Adam Lanza: He, too is someone’s child.
Another preventable calamity. This time blamed on bullets, not bullies. Children murdered for no reason. We can research the killer, speak to his family and friends, search for words written on-line, in a journal, perhaps a letter. But we will probably never know why this 20 year old young man/child ever took guns to the school he attended as a child, break in and spray bullets around a classroom filled with very young children, killing sons and daughters; siblings.
This young man lived amongst us but not with us. He lived in a world unknown to most of us. What his eyes saw, what his ears heard, what his heart felt, were not the things we see, hear and feel. Somewhere in his life his understanding of the world, his connection to this world lost its moorings. We are learning that he had Asperger’s that for some people makes human to human connections difficult, different from what the rest of us take for granted. But what we are hearing, that is most disturbing, is he had a mental illness of some kind.
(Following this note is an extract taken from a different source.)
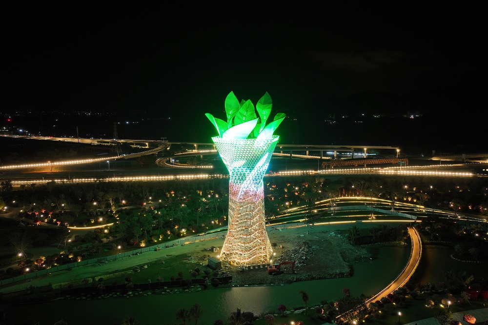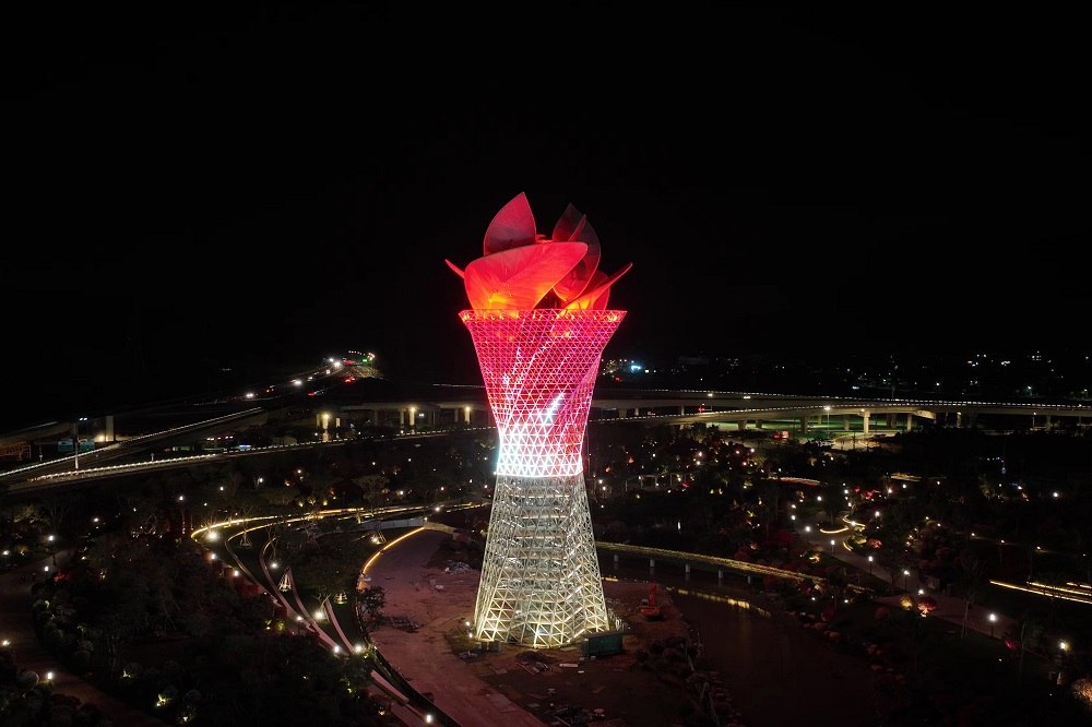 三角梅迎宾塔位于三亚市崖州区三角梅科博园中央位置,以科学种子为原型,可动态展示“种子”“姹紫嫣红”“稻田麦浪”“火炬”“蛟龙入海”五种映像,是幸福和希望的象征,展示了不锈钢加工塑性的曲线美,成为传达地区文化、面向世界的窗口和符号。
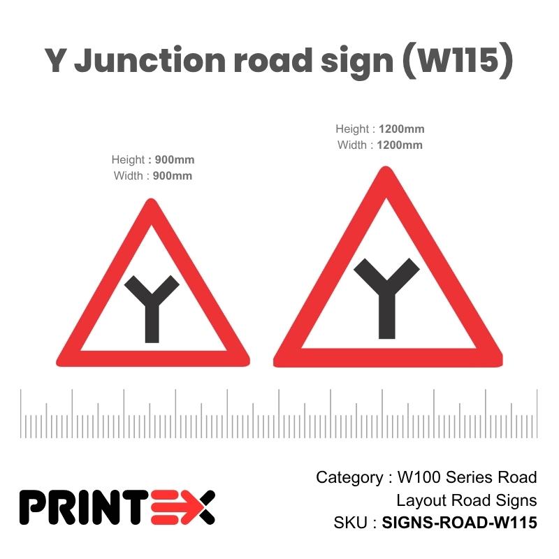 Y Junction Road Sign (W115) play a critical role in alerting drivers to changes in road direction, layout, or structure. These warning signs improve road safety by giving advance notice of curves, junctions, roundabouts, merging lanes, and other potentially hazardous layouts. Recognized by their yellow diamond shape with bold black symbols, W100 signs are essential for highways, construction zones, and high-traffic intersections.

Some of us go through life with the ability to deal with stress and disappointment, loss and failure, our own and of those we love. They are blips in our life journey. Some even thrive on stress. But too many of us become overwhelmed. We lose the ability to think clearly, to care for ourselves, to dress, to eat, to shower, to feel. We are overcome with fear and anxiety and no longer process the world as it is. For some, anger turned inward destroys all rational thought. And over time some of us lose the ability to make choices, including the ability to choose life. This is mental illness. It can seep into one’s life slowly, over time, stealing one’s joy of life, suffocating one’s soul or it can happen upon us suddenly, a breakdown in the brain, often attacking young people between the age of 18 and 24.
Each time there is an act of horror like this we wring our hands and ask again, “Why?” Why did he commit this dreadful act?
That is the wrong question and yet we ask it over and over. And do not assume it is done for fame. The question that needs answering is why do we spend so little money on research into mental illness; its cause and cure? Why do we not integrate mental health check-ups with physical checkups? Why do we not have protocols in place to care for those who, when seeking help, are deemed dangerous by a psychiatrist, but not quite dangerous enough to self or others to bring them in for care? Why are there not enough psychiatrists to care for the large numbers of people with mental illness?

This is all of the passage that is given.